Markus Hanke Posted May 4, 2013 Posted May 4, 2013 I elaborated in post #3 at "Here's another way of putting this", using a 3-observer setup where there is neither symmetry nor acceleration. Can you show why these frames are not symmetric, as you say ? 1
Delta1212 Posted May 4, 2013 Posted May 4, 2013 Ok, let me try to restate the initial example in more concrete terms, and see if that helps. You hav three clocks. Clock one is at rest in our solar system. Clock two is traveling at an appreciable percentage of the speed of light from our solar system toward Alpha Centauri. Clock three is traveling from Alpha Centauri toward the solar system at an appreciable percentage of the speed of light. All three clocks are identical. Clock two syncs with clock one as it leaves the solar system. At some arbitrary point A, clock two passes clock three, at which point they sync with each other. When clock three reaches clock one, it will show the combined elapsed time that it took for clock two to travel to point A from the solar system and clock three to travel from point A to the solar system. When clock one and three are brought together, this total time will be less than that experienced by clock one, just as if clock two had gone to point A and then returned itself. At no point do any of the clocks accelerate. md65536, did I get that right?
xyzt Posted May 4, 2013 Posted May 4, 2013 Well, this is a common fallacy believed by generations of naive students. There is acceleration in the scenario that you depicted (it is a well known scenario). Except: IT IS HIDDEN! When B and C pass each other you need to transfer the information (clock reading) from B to C, i.e. you need to JUMP from the frame comoving with B to the frame comoving with C. As Markus pointed out, acceleration is key in creating the necessary conditions for the paradox to exist. I'll try this again! Let B travel some distance at velocity v, where it passes clock C traveling in the opposite direction at the same speed, and have C set its clock to match B's as they pass.
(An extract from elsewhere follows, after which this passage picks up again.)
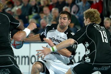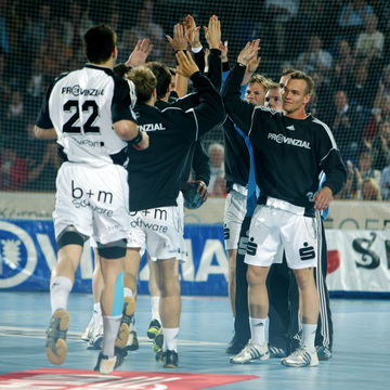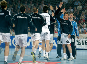 Christian Zeitz führte den THW als Kapitän in die Halle. Christian Zeitz führte den THW als Kapitän in die Halle. Sven Lakenmacher und Nikola Karabatic. Nikola Karabatic.

md65536 Posted May 4, 2013 Author Posted May 4, 2013 (edited) To be clearer, a better title for this topic might be "Acceleration is not essential in the twin paradox effect". md65536, did I get that right?Yes, that all sounds right. If clocks are "synchronized" does that mean they remain synchronized for some non-zero duration? I avoided using the word because I thought that, though from your description it should be clear that the synchronization is only at a single instant. Well, this is a common fallacy believed by generations of naive students. There is acceleration in the scenario that you depicted (it is a well known scenario). Except: IT IS HIDDEN! When B and C pass each other you need to transfer the information (clock reading) from B to C, i.e. you need to JUMP from the frame comoving with B to the frame comoving with C. As Markus pointed out, acceleration is key in creating the necessary conditions for the paradox to exist.No, the clock reading doesn't have to be transferred from B to C. All 3 clocks will measure proper time correctly, whether they're ever synchronized or not. The 3 observers don't even have to know about each other, they just have to properly time the events (at the right locations). For example, the 3 proper times could be measured independently, and then later the results are sent to another observer to compare. These could be sent by light signal, and I don't think you can say that the photons switch frames or accelerate in order to do this?? Can you show why these frames are not symmetric, as you say ?Do you mean that because no observer changes frame, each pair of observers has a reciprocal relationship, or whatever? That's true, but... To elaborate further on where the asymmetry might be "seen", suppose that in the example observer A (clock one) ages 4 years before meeting C, while B (clock two) ages 1 year before meeting C, and C (clock 3) ages 1 year from there until meeting A (gamma=2). Then, when B and C meet, B can say "I have aged 1 year, while A has aged 0.5 years," but C will say "I agree B has aged 1 year, but A has aged 3.5 years since B left it." The difference in their measurements is the same as the difference in measurements before and after a twin's instantaneous turnaround. Edited May 4, 2013 by md65536
Markus Hanke Posted May 4, 2013 Posted May 4, 2013 You hav three clocks. Clock one is at rest in our solar system. Clock two is traveling at an appreciable percentage of the speed of light from our solar system toward Alpha Centauri. Clock three is traveling from Alpha Centauri toward the solar system at an appreciable percentage of the speed of light. All three clocks are identical. These three clocks are all in uniform unaccelerated motion relative to each other, so all three of these clocks represents inertial frames, and they are thus perfectly symmetric. It is not possible to get any disagreements in proper times between the clocks. If you look over on the other thread "Paradox in Relativity", you will find the mathematical proof of this there - I have provided it there in a different context, but it holds nonetheless. Also, in order to compare proper times, you have to either bring the clocks to rest in the same frame of reference ( which involves acceleration ), or you calculate the outcomes using relativity of simultaneity. You cannot, however, directly compare clock readings so long as they are in relativistic motion relative to each other. So once again - acceleration is a crucial element in the twin paradox scenario. If it is absent then you will get no disagreements between the clocks. 1
michel123456 Posted May 4, 2013 Posted May 4, 2013 (...)You cannot, however, directly compare clock readings so long as they are in relativistic motion relative to each other. (...) Yes. And that happens 3 times in the paradox.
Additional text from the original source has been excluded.